Monday, June 23, 2008

Massive Data and the End of the Scientific Method

I have been reading the last issue of Wired, which has just arrived in my mailbox, and which is provocatively titled "The End of Science."

The opening article by Chris Anderson, discusses how the availability of huge amounts of data allows us to use effectively data mining techniques and make discoveries without using any underlying scientific model or hypothesis.

The article starts with a quote of George Box:
All models are wrong but some are useful.
and Peter Norvig from Google rephrased that to today's massive dataset era:
All models are wrong and increasingly you can succeed without them.
Being a data junkie myself, I cannot disagree that you can achieve significant things by "letting the data speak". In fact, computer scientists very rarely work by strictly following the "scientific method" of hypothesis formulation, experimentation, and statistical testing to see if the experiments agree with the theory.

However, by thinking of this change as a paradigm shift, I started thinking about the possibility to go through a period in which we will actually know less about the world as we transition to a "new way of doing things".

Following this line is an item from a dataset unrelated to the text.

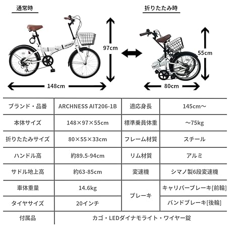 Thương hiệu ARCHNESS là cái tên nổi tiếng được rất nhiều khách hàng trên thế giới chọn lựa. Với kiểu dáng đẹp mắt, sang trọng, sản phẩm 206-1B 折りたたみ自転車 20インチ 自転車 軽量 シマノ6段変速ギア カゴ ワイヤー錠・LEDライト 折り畳み 通勤 通学 街乗り [並行輸入品] là sự lựa chọn hoàn hảo nếu bạn đang tìm mua một món cho riêng mình.

Look at the quote of Chris Anderson:
Correlation supersedes causation, and science can advance even without coherent models, unified theories, or really any mechanistic explanation at all.
If we indeed proceed for a scientific model like this, then at some point we will end up missing some of the elegance and intuition that is offered by the (imperfect) models that are being dropped in favor of blackbox models that are simply trained by the available data. And when theory will end up catching up to the current experimental state of the art, we will end up developing new models once again.

Thursday, June 12, 2008

Statistical Significance of Sequential Comparisons

Suppose that we have a new technique and we need to compare it with some existing baseline. For that, we can run some tests (e.g., using multiple data sets, multiple users). Assume for simplicity that we have only a binary outcome of each test:
  1. Our technique outperformed the baseline
  2. The baseline outperformed our technique
The basic option is to select beforehand the size of the "test set" (i.e., how many data sets we will use, or how many users) and we have N results. A simple test to detect the statistical significance of the difference is to run a simple "sign test" and check whether the difference of the baseline and our technique is significant. The table below illustrates which combinations of "yes" and "no" results generate a statistically significant outcome, according to a one-tailed sign test:

The gray cells indicate significance at the 10% level, the red cells indicate significance at the 5% level, the yellow cells significance at the 1% level, the green at 0.1%, and the blue ones at the 0.001% level.

Now, suppose that we want to run experiments with the minimum possible cost, in terms of asking questions. Therefore, we keep running tests until reaching a desired level of statistical significance (say at 1% level). When we reach the level of statistical significance, we stop. Otherwise we keep increasing the sample size.

This is a pretty common practice and occurs a lot when we do not manage to hit the level of statistical significance from the first attempt. Keep increasing the size of the sample, hoping that we will manage to hit statistical significance.

There is however a hidden bias in this practice, similar to the hidden bias that appears in the Monty Hall problem. We stop as soon as we see something favorable, ignoring the possibility that the next few cases may reduce the statistical significance of the findings.

In principle, if we want to absolutely correct, if the first sample of size N does not give statistical significance then we pick a new sample, ignoring all previous samples, and conduct the test again. At the end, to discover the statistical significance of the findings, we apply the Bonferroni correction, that ensures that we have overconfidence in the statistical significance of the findings. (Intuitively, after running 20 experiments, at least one of them is expected to show 5% confidence by chance, so the statistical significance level will have to be multiplied by the number of experiments.)

However, I do not know what is the correction in the case of sequential experiments, in which we do not reject the sample cases that did not return statistical significance. It may be easy to work it out analytically but I am too lazy to do it.